Highlights
El fenómeno del backlog: reclamar no es jugar
Entre el 9% y el 9.5% de los suscriptores reclaman los juegos mensuales pero no los bootean hasta después del período de reclamo. Una masa de 295 mil jugadores que acumula títulos para después.
Números que cuentan estrategias
Resident Evil Village suma 852 mil jugadores justo antes de Requiem. Expeditions atrae dos tercios de jugadores nuevos a la franquicia. El Game Catalog funciona como marketing y puerta de entrada.
La canibalización que nadie nombra
Los datos de Alinea confirman el efecto Horizon: incluir juegos propios demasiado pronto en el catálogo mata ventas. Sony lo sabe y ajusta su estrategia para no repetir errores.
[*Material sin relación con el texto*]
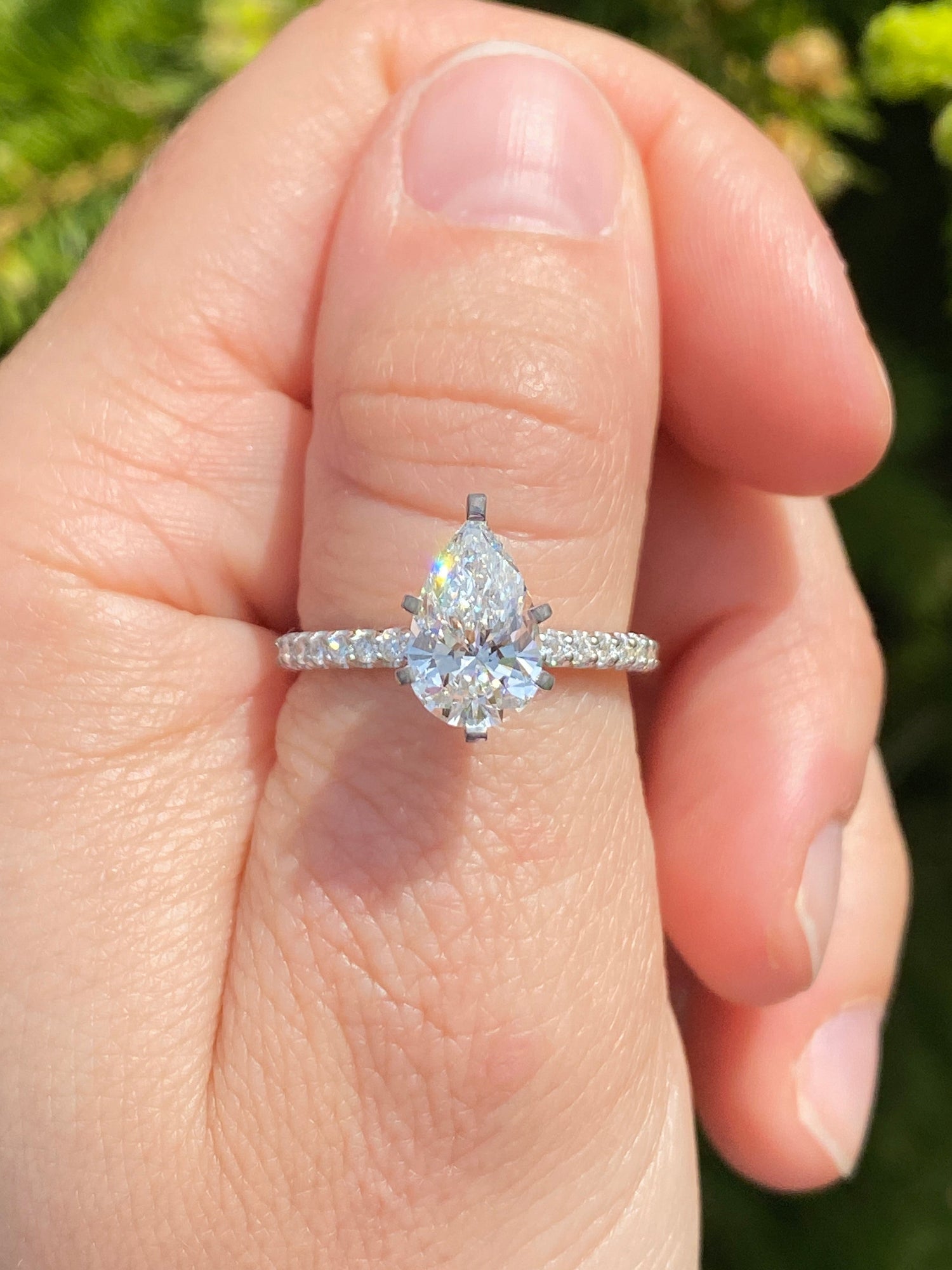 A pear-cut beauty featuring a 1.54 ct center stone, set in a classic prong setting for maximum brilliance. The delicate pavé band adds the perfect touch of sparkle.

Cada mes, los suscriptores de PlayStation Plus reciben juegos nuevos. Algunos los reclaman y los juegan al toque. Otros los guardan para después. Y unos cuantos los reclaman y se olvidan. Enero dejó datos para entender cómo se comporta esa masa de 50 millones de suscriptores cuando le ponen títulos delante.
Alinea Analytics midió el impacto de los juegos de Essential y Game Catalog. Los números muestran patrones, sorpresas y confirmaciones. También dejan una conclusión incómoda: el Plus no es el futuro de la industria. Es una herramienta más.
Essential: los tres de enero
Entre el 7 de enero y el 4 de febrero, los suscriptores del nivel Essential pudieron reclamar tres juegos: Need for Speed Unbound, Epic Mickey: Rebrushed y Core Keeper. Los resultados fueron dispares.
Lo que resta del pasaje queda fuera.